Detectives Kory Flowers and Rob Finch
of the Greensboro, N.C., Police Intelligence Squad were both involved
in tracking white supremacists when, a couple of years ago, a new threat
started to show up on their radar. After receiving phone calls from
several officers whose routine traffic duties had brought them into
contact with hostile drivers spouting bizarre nonsense about being
exempt from U.S. laws, the detectives realized their county had become a
destination for “sovereign citizens” — particularly self-proclaimed
followers of Noble Drew Ali, a black separatist from the early 20th
century whose “Moorish” ideology has been selectively adopted by many
sovereigns.
Determined to protect their county against
the avalanche of fraudulent property liens and other baseless paperwork
(“paper terrorism”) sovereigns were filing against public officials they
felt had wronged them, Flowers and Finch developed a comprehensive
training system whose purpose was to arm officials with the information
they need to combat the problem. The detectives, who have spent hundreds
of hours interviewing sovereign ideologues, emphasize that it is not
only police that need training, but clerks of court, registrars of
deeds, district attorneys, judges, fire inspectors, and other public
officials involved in enforcement.
The effort by Flowers
and Finch comes as the number of sovereigns expands rapidly along with
the larger antigovernment “Patriot” movement. The Southern Poverty Law
Center has estimated that there are some 100,000 hardcore sovereigns
operating in the United States, along with an estimated 200,000 more
people who are dabbling in its bogus legal techniques. The number of
Patriot groups, including sovereign organizations, has exploded in the
last three years, from 149 in 2008 to 1,274 last year. The ideology,
which was birthed by white supremacist groups and originally said only
white Americans could be sovereigns, has expanded rapidly in recent
years in the black community, typically among the black nationalist
so-called Moorish groups, as well as in many other populations.
The Intelligence Report
spoke with Flowers and Finch about what they’ve seen, what they teach,
and what steps they think are needed to manage the problem.

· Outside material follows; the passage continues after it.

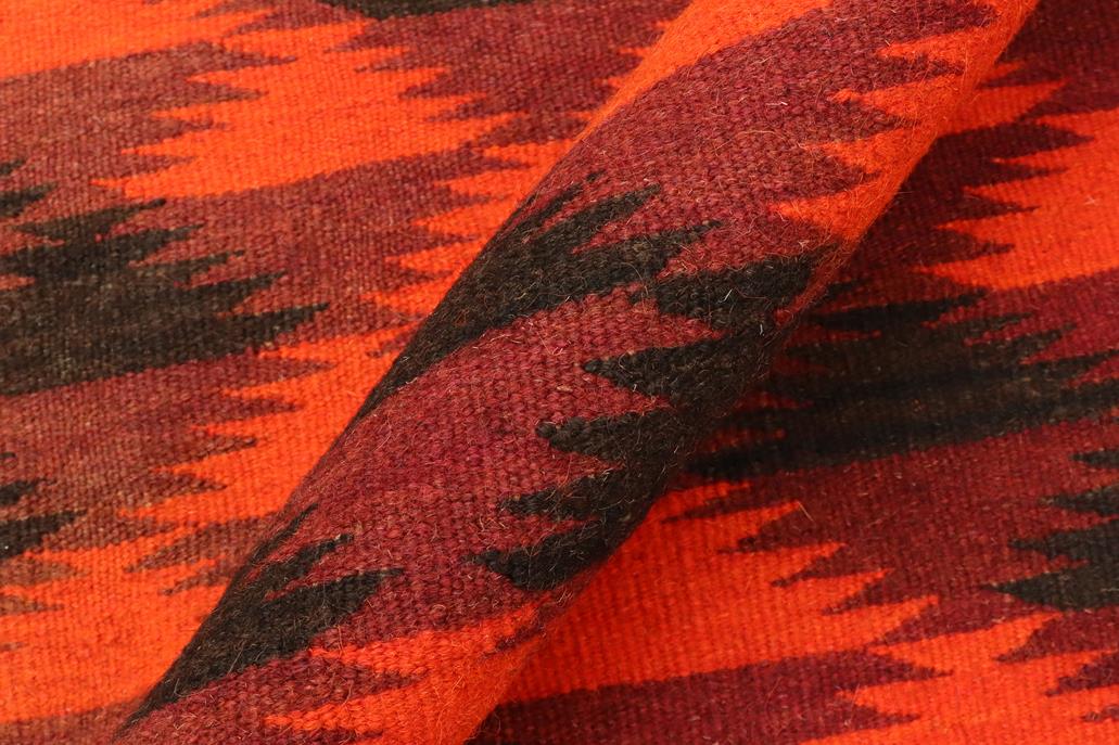 Elevate the elegance of your home with this stunning hand-woven tribal Kilim wool rug. Meticulously crafted on a loom by the Nomad Turkman people using hand-spun wool and 100% natural vegetable dyes, these rugs are recognized for their repetitive geometric patterns, incorporating naturalistic floral and traditional designs. The contemporary fashion palette results in bold, sharp patterns that are incredibly versatile, as the pattern is the same on both sides. These reversible rugs feature a lighter shade on one side and brighter colors on the other, providing versatility according to preference. These unique rugs are made by knotting short strands of different colors onto the warps and securing them by tightly pressing the wefts. The designs are created by interweaving the various colored wefts and warps. Kilims are known for their exceptional durability and versatility, making them truly unique rugs.

Was there a specific incident that prompted you to look into the ‘sovereign’ movement?
KORY FLOWERS: We had two different traffic stops where our guys stopped
sovereigns, and then minutes later other sovereigns were showing up and
handing them documentation and talking about suing our officers,
talking about immunity and aboriginal rights and various things. Our
[officers], while they weren’t completely ignorant, were just
overwhelmed, and they contacted us in the Intelligence Unit, hoping we
had answers for them.ROB FINCH: Then a couple of our guys got
sued. We caught two different lawsuits in excess of $70 million each
where the sovereign sued the officer, sued the officer’s direct
supervisor, the police department, the police chief and the city of
Greensboro. That caught the attention of some of our administrators who
were beginning to pay attention, and really drove home our resolve to
get dialed in on this movement and create some training to keep officers
safe.
And you train police officers for the most part?
FINCH:
Law enforcement is only one piece of this entire puzzle. If you don’t
have the other elements of the criminal justice system or of government
as a whole, up to speed, these guys are going to still be effective with
their paper terrorism tactics.
So we started training the
registrar of deeds, the clerks of court, our district court and Superior
Court judges, our assistant district attorneys. We even trained defense
attorneys so they would understand, you know, this is not just a crazy
person who they are representing, [that] this is actually somebody who
believes that the government is illegitimate and this is why they
believe that.
We are to the point now where if sovereigns decide
they want to file a fraudulent lien against an officer or anybody in law
enforcement or the criminal justice system or city government, or file a
lawsuit, that information is brought to us immediately. In Guilford
County, if a sovereign comes in the registrar of deeds’ office to file
any type of sovereign paperwork, whether it’s a lien, lawsuit or an
affidavit renouncing their citizenship, we will get that information
typically within 20 or 25 minutes of that sovereign leaving the office.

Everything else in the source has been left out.